Top of Exercise data
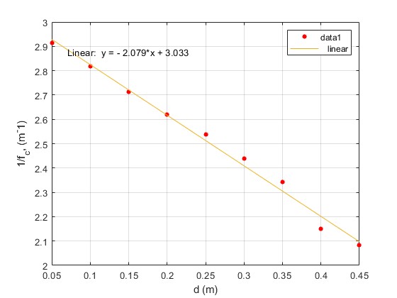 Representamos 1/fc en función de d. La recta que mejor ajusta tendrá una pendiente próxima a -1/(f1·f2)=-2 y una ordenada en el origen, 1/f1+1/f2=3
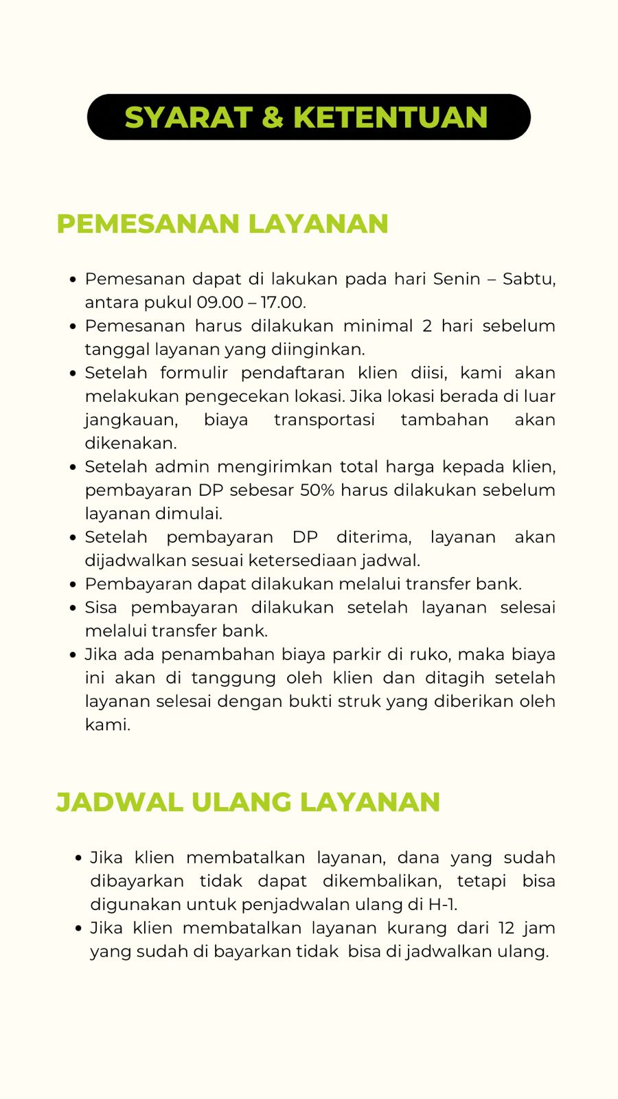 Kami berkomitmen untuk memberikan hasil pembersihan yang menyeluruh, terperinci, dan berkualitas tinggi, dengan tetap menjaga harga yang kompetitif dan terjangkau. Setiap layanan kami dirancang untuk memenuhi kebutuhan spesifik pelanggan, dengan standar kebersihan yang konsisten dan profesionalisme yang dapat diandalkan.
Bottom of Exercise data
Top of Exercise data
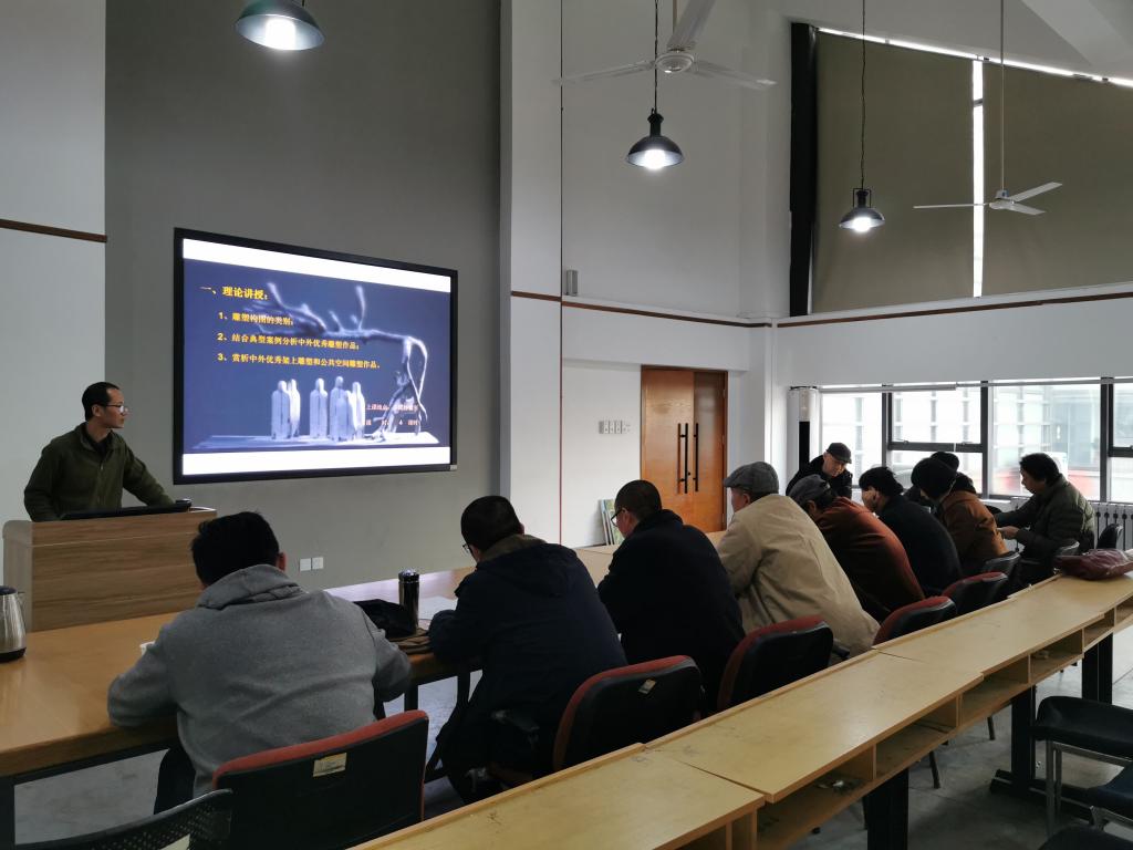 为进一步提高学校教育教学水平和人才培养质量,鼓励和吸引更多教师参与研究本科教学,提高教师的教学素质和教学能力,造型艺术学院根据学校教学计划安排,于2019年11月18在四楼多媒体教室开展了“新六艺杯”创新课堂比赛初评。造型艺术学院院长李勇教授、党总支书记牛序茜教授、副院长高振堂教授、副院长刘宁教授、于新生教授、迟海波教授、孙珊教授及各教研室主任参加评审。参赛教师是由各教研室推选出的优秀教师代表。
Bottom of Exercise data
Exercise brief -
Repeat only the stretch of data above that runs from the line with "Representamos 1/fc en" to the line with "Kami berkomitmen untuk". Keep both end lines; exclude pictures.

Exercise answer -
 Representamos 1/fc en función de d. La recta que mejor ajusta tendrá una pendiente próxima a -1/(f1·f2)=-2 y una ordenada en el origen, 1/f1+1/f2=3
 Kami berkomitmen untuk memberikan hasil pembersihan yang menyeluruh, terperinci, dan berkualitas tinggi, dengan tetap menjaga harga yang kompetitif dan terjangkau. Setiap layanan kami dirancang untuk memenuhi kebutuhan spesifik pelanggan, dengan standar kebersihan yang konsisten dan profesionalisme yang dapat diandalkan.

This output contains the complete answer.